Hi Trevor! Odin looks awesome in his new collar, thanks again!

I also use Trifexis. U can buy a 6 month supply or single dose. My vet has a service where I can buy the single dose for $20 a month and they mail it to my house each month


----------



## Buddy16 (Aug 29, 2012)

Ive tried a few spot ons. The only one I find that works is Revolution. Since using it I have yet to see a flea on my animals. I use it once every 45-60 days. I pay $105 for 6 vials for my 60lb dog


----------



## NYBlueNose (Apr 22, 2012)

MSK said:


> I've been using raw organic Apple Cider Vinegar as a dietary supplement. Then been using a neem oil spray which is 1 part 100% neem oil to 10 part water with a little Dawn dish liquid and tee tree oil in it. Works good for my dogs. I stopped giving the pesticides as they didn't work half the time anyways. The Natural or homemade stuff works just as good.
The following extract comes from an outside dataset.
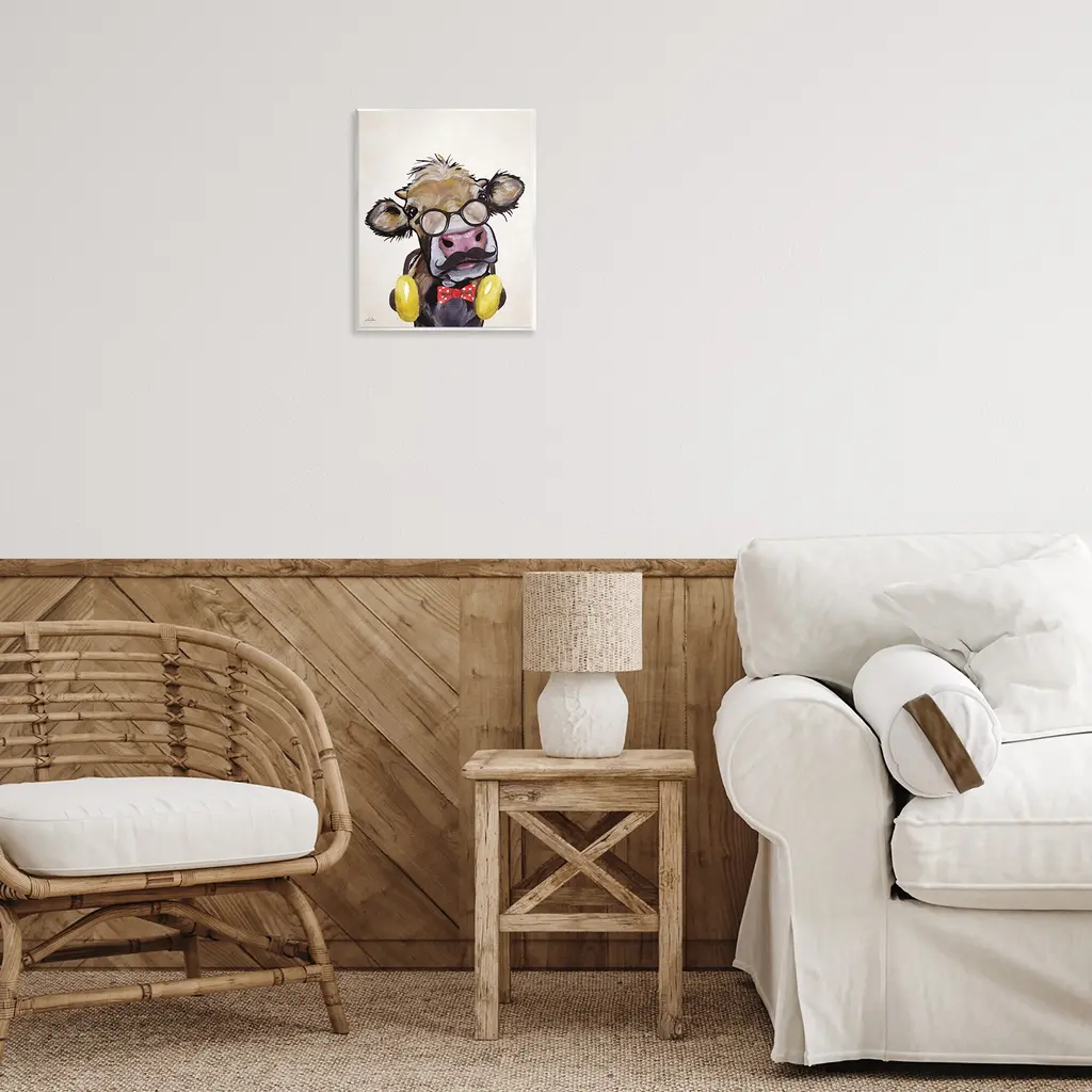 Our wall plaques start as high-quality lithograph prints mounted on durable 0.5-inch thick MDF wood. Each piece is hand finished and comes with a fresh layer of white foil on the sides to give it a crisp, clean look. Plaques arrive ready to hang without installation and come with removable plastic corners to keep them from damage in transit. Stupell Wall Art is made in the USA.Features: Dimensions: 11 x 0.5 x 14 InchesWall Art is Ready to Hang with Hardware Free Hanging. No installation required. For Easy Set Up Lean or Layer Artwork on Shelf or Against Wall.All of our wall plaques start off as high quality lithograph prints that are then mounted on durable 0.5 inch thick MDF wood. Each piece is hand finished and comes with a fresh layer of foil on the sides to give it a crisp clean look. Made In USA.Artwork Relates To: Animal, Cow, Cattle, Headphones, Glasses, MusicDesign by Lee Keller

How much vinegar, how often, and in what way do you administer it?


----------



## MSK (Aug 13, 2008)

About a teaspoon each dog every 2 or 3 days in their food. Reason I choose 2 or 3 days if i give it daily they get the runs.


----------



## NYBlueNose (Apr 22, 2012)

Nizmo said:


> I use trifexis.
> Garlic is poison to dogs. We just had a patient come in to to clinic, flea invested but the owner swore up and down that the garlic worked. Obviously not... The dog was super sick also. Fleas are bad this yr here in the NW


Garlic IS a natural flea repellent and dewormer, but on a very small scale. A dog living in an environment rich in fleas should NOT be given garlic as it's only protection. Garlic is very healthy for dogs, but it needs to be given in small doses. It's garlic's cousin, the onion, that is toxic to dogs.


----------



## angelbaby (Feb 4, 2010)

I live in the north west and not seen 1 flea this season nor the past 2 seasons since we started using garlic. If you have fleas on your yard though it wont matter what you treat the dog with they will keep picking them up and it will be a never ending battle. If you have fleas treat your home and yard or you will never see an end. Garlic works great for us and all our dogs , better then the advantage did that is for sure.


----------



## Bear813 (Aug 28, 2012)

So how much garlic and how often? And will it make them sick at all?? Thanks for the help


Sent from my iPhone using PG Free


----------



## angelbaby (Feb 4, 2010)

you only need a small amount for an adult I tend to just buy the galric and brewers yeast pills you get in the pet store , we give 1 pill per 10lbs. when we are out we give 1/2 -1 clove of garlic { you can do more but this works fine for mine.} here is a site with dosage instructions. Garlic for Dogs - Natural Flea Repellent and Health Supplement I have never had issues with any of my numerous dogs being on this and we have not seen a flea on any of my dogs in a couple years.


----------



## MSK (Aug 13, 2008)

I use the garlic and brewer's yeast pills also. So that with the other probably is whats knocking mine. I hadn't seen any this year until this past week bless Dreamer's heart who is allergic to them has gnawed a spot on her hindend so I added the neem oil spray to the mix the last couple days. She hasn't gnawed the spot anymore either.


----------



## Odin`s_BlueDragon (Mar 11, 2012)

I do know too much garlic is bad. My BFs sister has a frenchie that she tried the whole garlic for fleas thing and she got the amount wrong. He got sick and the vet said something about the red blood cells... I can't remember. But I like the trifexis pill cuz it covers everything, and its once a month.


----------



## angelbaby (Feb 4, 2010)

MSK I will have to look into that oil , where do you get it??? Luna is allergic to them as well , when we had advantage we were having to re dose them every 3 weeks vs every 4 and we always saw fleas. Luna would swell to baseball size lumps on her when she got bit. would be a good idea to get some of that oil to have as a back up incase we ever see them again. Is there any other use for that oil as well?


----------



## angelbaby (Feb 4, 2010)

Yes Odin too much of it can be toxic but she had to have been giving ALOT for her dog to get that sick , I wouldn't go over a clove a day but I know the site says no more then 2 for large dogs. I just prefer to use pill form it is much easier then having to stink like garlic cutting it up every day { I hate the smell of it}.


----------



## Odin`s_BlueDragon (Mar 11, 2012)

angelbaby said:


> Yes Odin too much of it can be toxic but she had to have been giving ALOT for her dog to get that sick , I wouldn't go over a clove a day but I know the site says no more then 2 for large dogs. I just prefer to use pill form it is much easier then having to stink like garlic cutting it up every day { I hate the smell of it}.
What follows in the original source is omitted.